Relief from the heavy burden of supply and greater confidence about a Clinton presidency helped end a month-long rise in municipal bond yields, as The Bond Buyer's indexes moved lower this week.

The 20-bond and 11 -bond indexes of general obligation yields both fell 11 basis points, to 6.51% and 6.42%, respectively, from 6.62% and 6.53%.

The 30-year revenue bond index was also down 11 basis points, to 6.70% from 6.81% last week.

The Bond Buyer's daily Municipal Bond Index's average yield to maturity declined 15 basis points, to 6.55% from 6.70%.

A slowdown in supply was the primary technical reason for the municipal market's price rebound.
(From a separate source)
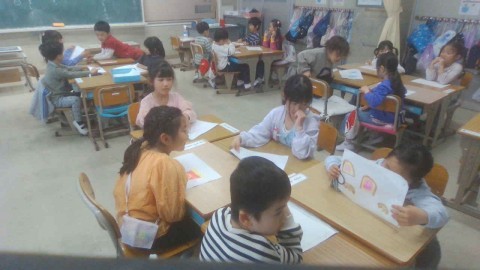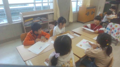 グループに分かれて,自分の好きな食べ物を紹介しました。

Although The Bond Buyer's 30-day visible supply of upcoming issues remains relatively high - between $5.71 billion and $6.36 billion this week - it has declined significantly from the $7.76 billion daily average for October.

"Supply has turned around dramatically." a market analyst said. "Before, we not only had an ample calendar of new issues, but sizable mutual fund selling before Oct. 31. Also, the market had been pricing to a higher rate in expectations of a Clinton win."

Since then, the analyst explained, new-issue supply has declined, the funds have returned to the market as buyers, and traders and analysts now believe the Clinton administration will raise marginal tax rates for wealthier individuals, which would give tax-exempt municipal bonds an additional edge.

"With everything factored in," the analyst said, "some measures have the market 15 to 20 basis points stronger."

Dealers were able to clean out some of their inventory this week. Standard & Poor Corp.'s The Blue List, which charts inventories of unsold bonds, fell to $1.32 billion yesterday, down $510 million from last Friday's $1.83 billion and the smallest total since Oct. 13, when it was $1.26 billion.

Fundamentals also helped strengthen the market this week. The Federal Reserve Board's 'beige book" report said the nation remains stuck in a weak and waffling growth pattern, with manufacturing particularly anemic. The report says there was economic improvement in the South, Midwest, and New England, and mixed performance in the West and lower Northeast during early autumn.

In the U.S. Treasury market, uncertainty over the elections was replaced by concern about today's unemployment report for October and next week's refunding auctions. This moved governments in the opposite direction from municipals, as the bellwether 30-year Treasury bond's yield rose nine basis points, to 7.68% from 7.59%.

The Bond Buyer's one-year note index was unchanged from a week ago at 2.91%.